I have a day-job that pays me more than I need (NOT – mind you, more than I’d like or more than I spend), but a job that’s (mostly) supportive of my acting career with a boss whom I respect.  I have an acting career - an actual acting career.  I get called back more often than not, I perform weekly in the city and tour outside it at least once a month and I’ve shot three commercials this year.  Doesn’t sound like much to people outside the industry, but from within, I’m doing awesome.  I have a tiny incredibly strange little dog that I love more than is reasonable.  I have a great and big apartment that I share with someone who isn’t home very often, pays their rent on time and who doesn’t steal.   I have made several good and true friends living here.   People who are kind and like-minded and who are supportive in every way I need them to be.  People who make my life better.   I can afford a gym membership and a monthly metro card.  I eat at least three times a day.   

Big picture? Life is good. 

However, the reminder to take a step back and appreciate things comes from a very tiny voice in my brain that rarely has the guts to speak up.   She's usually crying in the corner somewhere feeling lousy. 

Living in NYC means you are constantly comparing yourself to other people and are, 100% of the time coming up short.  There is always someone within a hundred feet of you who is smarter, prettier, thinner, and funnier than you.  Whatever hat you’re trying to wear in that moment, there will always be someone right behind you wearing it better.  Someone stronger with better connections.  Someone nicer with a savvier sense.  Someone who wants it more than you and who is willing to pay less.   New York is filled with people who have something to prove.  And being a success in this city means sacrificing a little piece of your soul in order to get what you want.    Not necessarily a piece you’re sad to lose but a piece none the less.

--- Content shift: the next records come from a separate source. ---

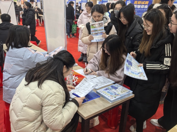 本网讯(通讯员 鲁扬浩 石美纯)12月11日上午,江南网页版_江南(中国)官方联合黄石市人力资源和社会保障局在风雨操场二楼举行“才聚东楚点石成金·百企千岗 就在黄石”2026届毕业生冬季综合类校园招聘会。现场共迎来136家来自省内外的优质企业,提供涵盖电子科技、智能制造、汽车、现代金融、教育传媒等多个领域的就业岗位8704个,吸引了2900多名毕业生现场求职应聘。
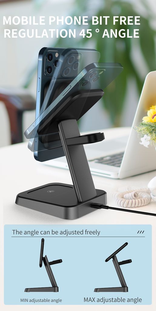 Laddningsstationen stöder trådlös snabbladdning upp till 15W för smartphones samt dedikerade laddningsytor för hörlurar och smartklockor. Den kan användas både vertikalt och horisontellt, vilket gör det enkelt att använda mobilen under laddning. Inb... Read more
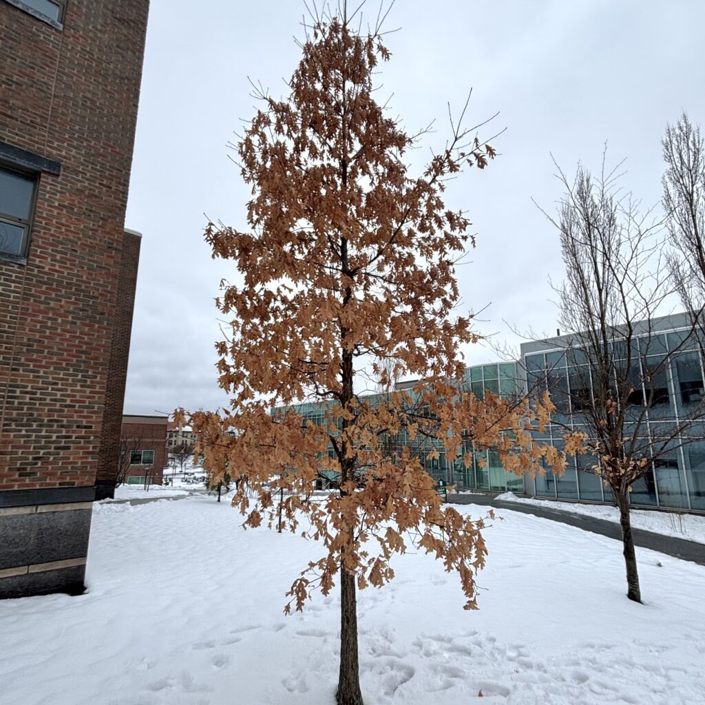 Just last week, most of the snow around campus had melted, and it felt like spring was just around the corner. However, with the weekend came more snow, and winter has returned. This early in the year, I did not expect to find many signs of life amongst deciduous trees, and I was correct in that assumption. I observed five different tree species around campus: red oak, sugar maple, white oak, red maple, and Norway maple. When I arrived at each tree, I observed 11 phenophases for each individual. All the phenophases were answerable by a yes or no, and are as follows: breaking leaf buds, leaves, increasing leaf size, colored leaves, falling leaves, flowers or flower buds, open flowers, pollen release, fruits, ripe fruits, and recent fruit or seed drop.
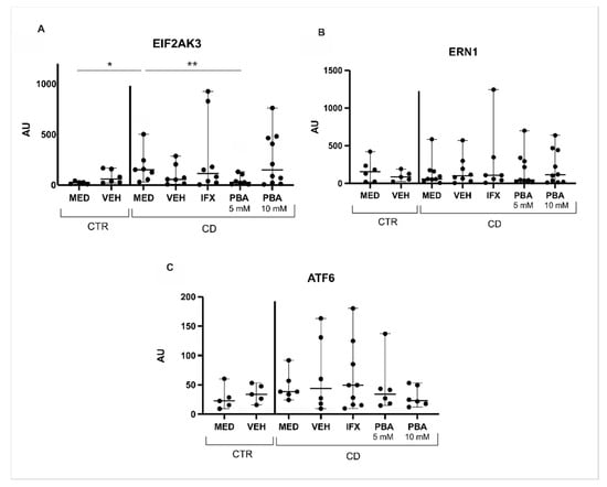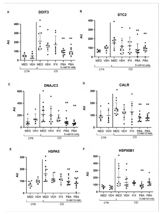 3.3. Chaperones and Genes Responsive to UPR Were Blocked with PBA in the Intestinal Mucosa of Crohn’s Disease Patients

I just got back from a visit to LA and for the first time in my adult life, I can actually picture living there.  My dog would certainly prefer the constant sunshine to the bits and pieces of sunlight she finds here.  While NYC is still the city I need to be I finally can see the door thru which I will exit living here.   I don’t want to grow old here.   The ways in which you have to harden to survive as an elderly person in Manhattan is terrifying.  When I’m old and gray I don’t want to have to schlep up two flights of stairs to get somewhere.  I don’t want to be the crazy woman who mumble yells at everyone for being too close to her.  I don’t want to have a stroke in the middle of a subway car and have people around me too engrossed in whatever is happening on their phones to notice.  I don’t want to die on a park bench and have people assume I’m napping.  

New York, while I wouldn’t call what we have a love affair – it is certainly a relationship, one that I put way more effort into than you.  A relationship that will always be lopsided.  


But I’m not ready to break up just yet New York, so screw you for thinking it.  You’re not rid of me just yet.